Research supports use of managed and prescribed fires to reduce fire severity (Image Credit: Phys.org)
In a study recently published in Forest Ecology and Management, scientists found that fires in America’s dry conifer forests are burning hotter and killing more trees today than in previous centuries. The main culprit? Paradoxically, a lack of fires.
Dr. Sean Parks is a research ecologist with the USDA Forest Service Rocky Mountain Research Station. He and his colleagues used satellite data to characterize fire severity in dry conifer forests during a contemporary timeframe (1985-2020), and then compared it to fire severity during a historical timeframe (1600-1875).
Their results show that without frequent, low-severity fires, like those experienced in the past, fires that burn today are more severe and more likely to kill trees. Such extensive severe burning over time threatens the long-term survival of dry conifer forests on the landscape.

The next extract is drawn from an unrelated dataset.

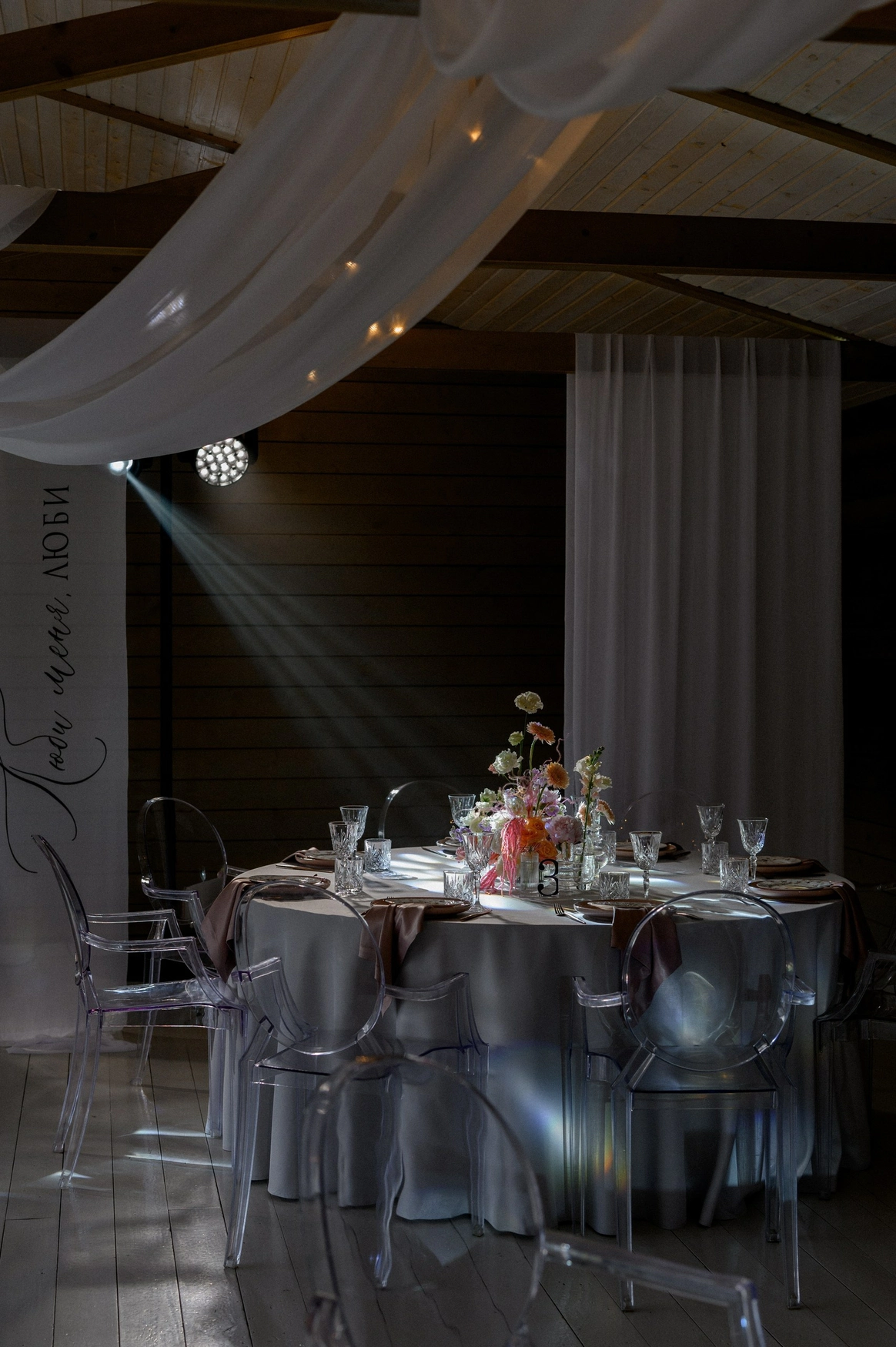 В день прямо перед влекомом мы столкнулись с технической проблемой - отключилось электричество. Команда оперативно переключила трансформатор, поочерёдно запуская свет в разных зонах, чтобы успеть снять декор зала и подготовить звук для церемонии, а ребят мы увели фотографироваться в другом месте, где свет был не нужен) Гости не заметили технических сложностей.

America’s dry conifer forests are no strangers to fire; historically, these forests burned every 5-35 years. Historical fires were generally of low to moderate severity, which meant many trees survived. Starting in the late-1800s, however, fire was effectively excluded from dry conifer forests.

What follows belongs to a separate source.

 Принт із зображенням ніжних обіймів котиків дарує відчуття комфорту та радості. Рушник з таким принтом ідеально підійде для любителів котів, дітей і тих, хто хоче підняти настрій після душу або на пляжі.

This was primarily due to a trio of causes: direct fire suppression, intensive livestock grazing, and the forced disruption of cultural burning, a well-documented practice for many Indigenous communities prior to colonization. In the absence of fire, these forests have grown denser as flammable materials like leaf litter and dead trees have built up. This has triggered concern that today’s fires will be hotter and more severe compared to those that burned prior to 1875.
“Our findings demonstrate that contemporary dry conifer forest fire regimes are highly departed from historical conditions, burning with higher severity over a greater proportion of area and threatening the long-term persistence of dry conifer forests on the landscape,” said Parks.
Scientists were also able to compare areas designated as federal wilderness with those that are not. They found that non-wilderness areas experienced slightly more severe fire than wilderness areas. As commercial enterprises such as logging are restricted in most wilderness areas, this suggests that the absence of historical fires and the resulting buildup of flammable materials play a larger role in today’s increasingly severe fires than historical logging activities.
As a case study, scientists looked at the Gila Wilderness. In the Gila, they found that a decades-long policy of managing fire, including allowing it to burn in certain scenarios, lessened the severity of fires in dry conifer forests from 1985-2020 compared with other areas in the Southwestern region that was a focus of the study.
This case study reinforces the concept that low-severity fire begets low-severity fire, and demonstrates that frequent low-severity fire is possible even as our climate has become warmer and drier. Scientists believe that this approach, in addition to prescribed fire and other management actions that reduce fuels, could serve as a roadmap for restoring resilience to dry conifer forests across the western U.S.
“Our findings emphasize the indispensability of restoration and proactive measures in safeguarding our forests,” Parks said.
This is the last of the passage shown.